Given material:
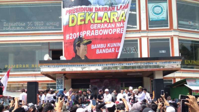 LAMPUNG - Ribuan warga Bandar Lampung menghadiri deklarasi Gerakan #2019Prabowo Presiden di Bambu Kuning Square, Kemarin. Deklarasi ini merupakan yang pertama di Indonesia untuk menjadikan Prabowo Subianto dan Sandiaga Uno sebagai presiden dan wakil presiden pada 2019.
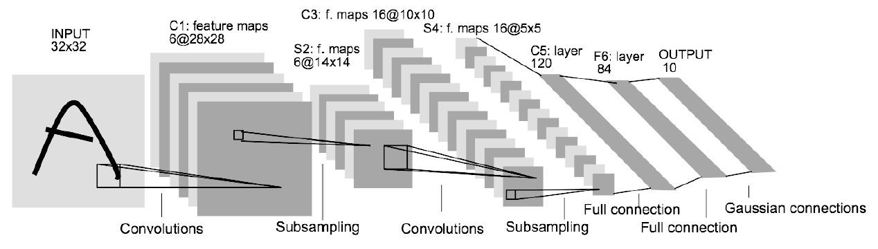 LeNet은 서브샘플링을 하여 중간 데이터의 크기가 작아지지만 현재의 CNN은 최대 풀링이 주류이다.
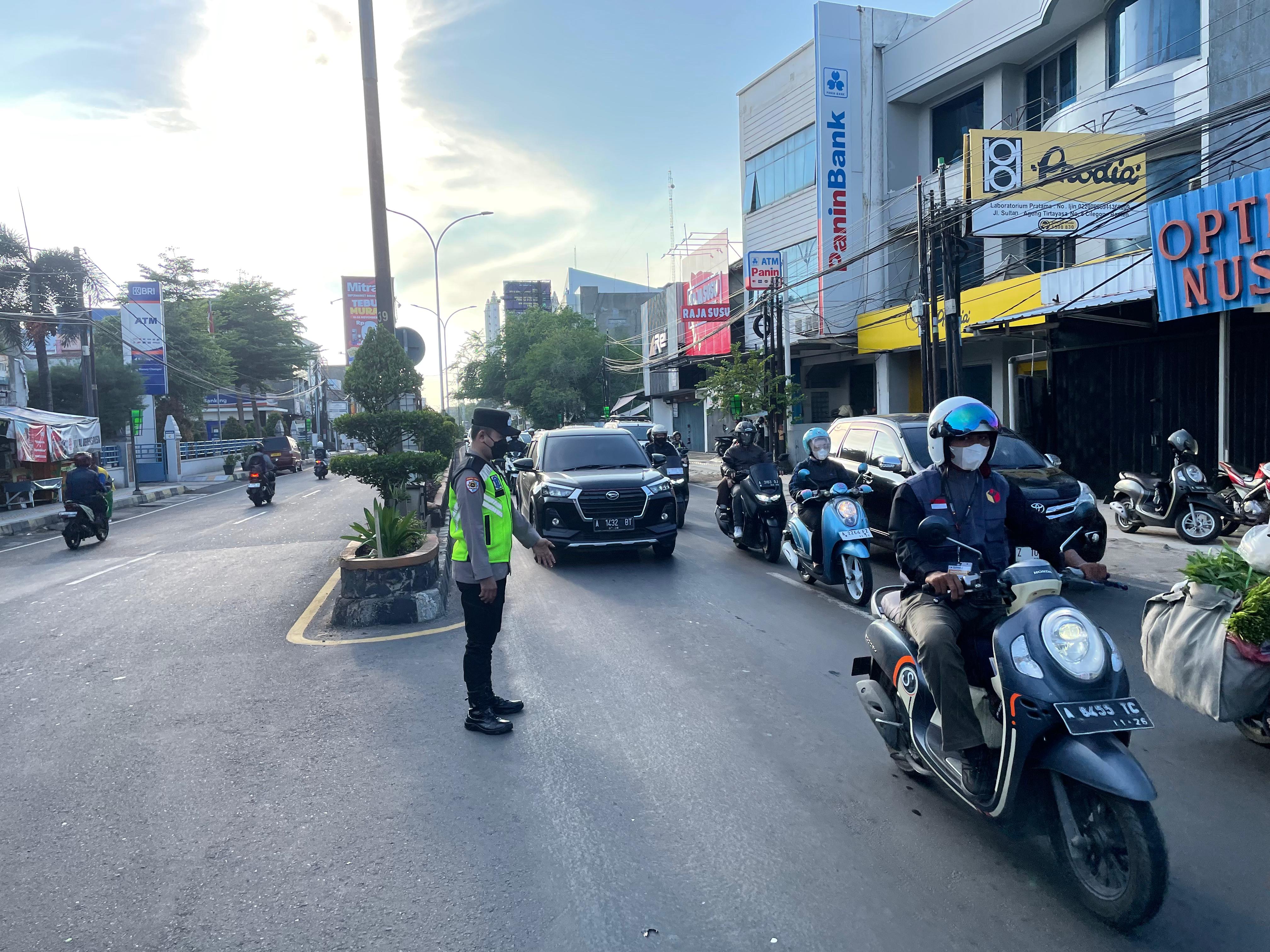 Kegiatan pengaturan arus lalu lintas yang dilaksanakan oleh personil Polres Cilegon merupakan kebijakan Kapolres Cilegon sebagai wujud pelayanan Polri kepada masyarakat yang akan beraktifitas pagi hari guna mengantisipasi terjadinya kemacetan dan terciptanya kamseltibcar lantas di wilayah Hukum Polres Cilegon Banten.

Action item:
The listing above should be transcribed word for word, with its pictures left out.

Exercise response:
 LAMPUNG - Ribuan warga Bandar Lampung menghadiri deklarasi Gerakan #2019Prabowo Presiden di Bambu Kuning Square, Kemarin. Deklarasi ini merupakan yang pertama di Indonesia untuk menjadikan Prabowo Subianto dan Sandiaga Uno sebagai presiden dan wakil presiden pada 2019.
 LeNet은 서브샘플링을 하여 중간 데이터의 크기가 작아지지만 현재의 CNN은 최대 풀링이 주류이다.
 Kegiatan pengaturan arus lalu lintas yang dilaksanakan oleh personil Polres Cilegon merupakan kebijakan Kapolres Cilegon sebagai wujud pelayanan Polri kepada masyarakat yang akan beraktifitas pagi hari guna mengantisipasi terjadinya kemacetan dan terciptanya kamseltibcar lantas di wilayah Hukum Polres Cilegon Banten.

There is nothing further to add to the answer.